Reviews

How They Were Found by Matt Bell

Review by Tobias Carroll

It’s hard to think of another collection in recent memory that covers as much stylistic ground while still maintaining a high level of quality as Matt Bell’s How They Were Found (Keyhole Press). It follows last year’s chapbook How the Broken Lead the Blind — and, typing this out now, there’s a sudden recognition that the titles of the two collections, taken together, begin to imply a story of their own. Two of the longer stories in How They Were Found initially appeared as standalone chapbooks: “Wolf Parts,” a sort of deconstruction of Red Riding Hood, and “The Collectors,” Bell’s postmodern take on the reclusive Collyer brothers and their obsessive tendencies towards collecting and hoarding objects of every variety.
     From these two stories, one might take Bell for a writer on the more accessible side of experimental fiction: a curator and manipulator of certain known quantities, sometimes making himself known as he walks among the scenes he presents. But after reading the thirteen stories collected here, a picture emerges of a writer with a much grander reach. Along with the more structurally complex stories mentioned earlier, How They Were Found also offers a taut account of the coverup and investigation of a murder, a surreal story of amnesiac soldiers in a polar landscape, and a tale of a woman’ encounter with the personification of her ex-lover’s lost idiosyncrasies and bad habits.
     And yet, for all of the intentional surrealism of some of these stories, there’s an emotional specificity that resonates. How They Were Found opens with “The Cartographer’s Girl,” which at first seems to fall into a certain corner of contemporary fiction: an unnamed city, a protagonist known only by his occupation, a crucial character now missing, the incorporation of symbols into the text. Yet the sense of loss here makes sense; even as the setting seems stylized, the characters are recognizably human; the protagonist’s namelessness feels less like some nod towards making him an Everyman and more a logical outgrowth of his particular job, of the assigning of titles to specific points in space.
     One could suggest Angela Carter or Steve Erickson as reference points, but Bell also draws from less expected sources: the repetitive, occasionally brutal structure of “Hold On To Your Vacuum,” for example, has an experiential similarity to video games, a topic Bell has incorporated in his fiction and discussed in essays and on his blog. And it’s moments such as these that make Bell’s fiction feel uniquely modern: he’s folding unexpected elements in to his fiction in neatly organic ways; not simply namechecking technology, but understanding how to make it work within the context of his fiction.
     It doesn’t hurt that Bell’s empathy with his characters is consistent even when his fiction is at its most structurally experimental. “An Index of How Our Family Was Killed” is exactly what its title suggests. Yet Bell finds the emotional resonance in that form, sometimes through repetition, and sometimes through a perfectly arranged phrase.
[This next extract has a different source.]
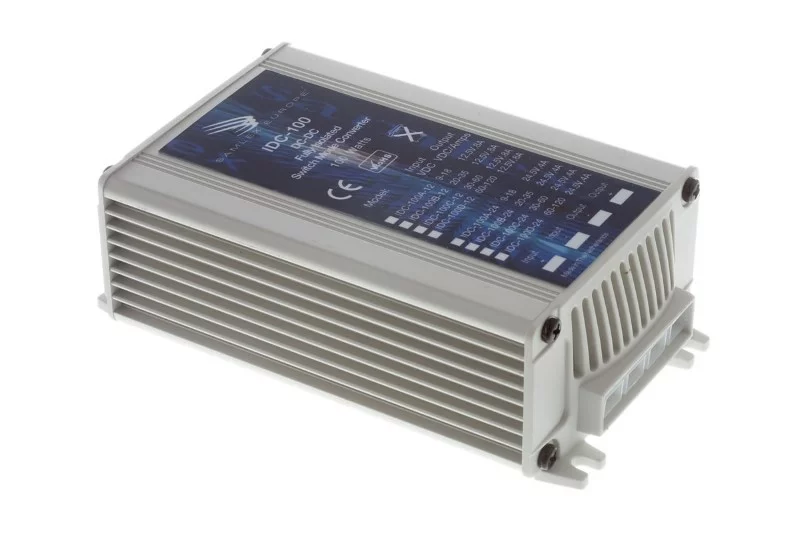 De IDC-100 serie is een complete lijn van zeer efficiënte 100 Watt geïsoleerde DC-DC converters geschikt voor toepassingen die een galvanische scheiding vereisen tussen de ingang en de uitgang. De IDC-100D-24 geïsoleerde DC-DC converter levert een sterk geregelde DC uitgangsspanning van 24,5 Volt voor een DC ingangsspanningsbereik van 60-120 Volt en een nominale uitgangsstroom van 4 Ampère (bij 120 Volt ingang). Kenmerken van deze geïsoleerde DC-DC converter zijn onder andere compacte behuizing, terugslagstroombegrenzing en bescherming tegen kortsluiting, oververhitting, overspanning en omgekeerde polariteit. De unit wordt geleverd met 6,3 mm “quick disconnect” connectoren. De IDC-100D-24 geïsoleerde DC-DC converter is EMI/EMC-conform en voldoet aan de Europese normen EN50081-1 (voor EMI) en EN50082-1 (voor EMC).

And one of these entries — “Family, as in something broken or lost” — both stands on its own as a particularly wrenching passage and seems to summon up and recontextualize the titles of both of Bell’s collections.
     The expansiveness of this collection may be disorienting at first. The damaged protagonist of “Dredge,” trying desperately to solve a murder he’s incapable of rationally investigating, may seem like an uneasy neighbor of the fragmented variations on familiar characters in “Wolf Parts” or the religious leader haunted by revelations of an mechanical messiah in in “His Last Great Gift.” But taken together, the entirety of this collection represents an attempt to marry several generations of literary techniques, to find common ground between the ultra-modern and the classical, the historic and the post-modern. It’s a venture at which Bell succeeds, yielding something that’s also a pleasure to read.

About the author:

Tobias Carroll lives in Brooklyn. He writes about music and books (and sometimes the places where they overlap). His fiction has appeared in THE2NDHAND, 3:AM, Word Riot, Vol.1, and as part of Featherproof Books’ “Light Reading” series. He is presently working on REEL, a short novel.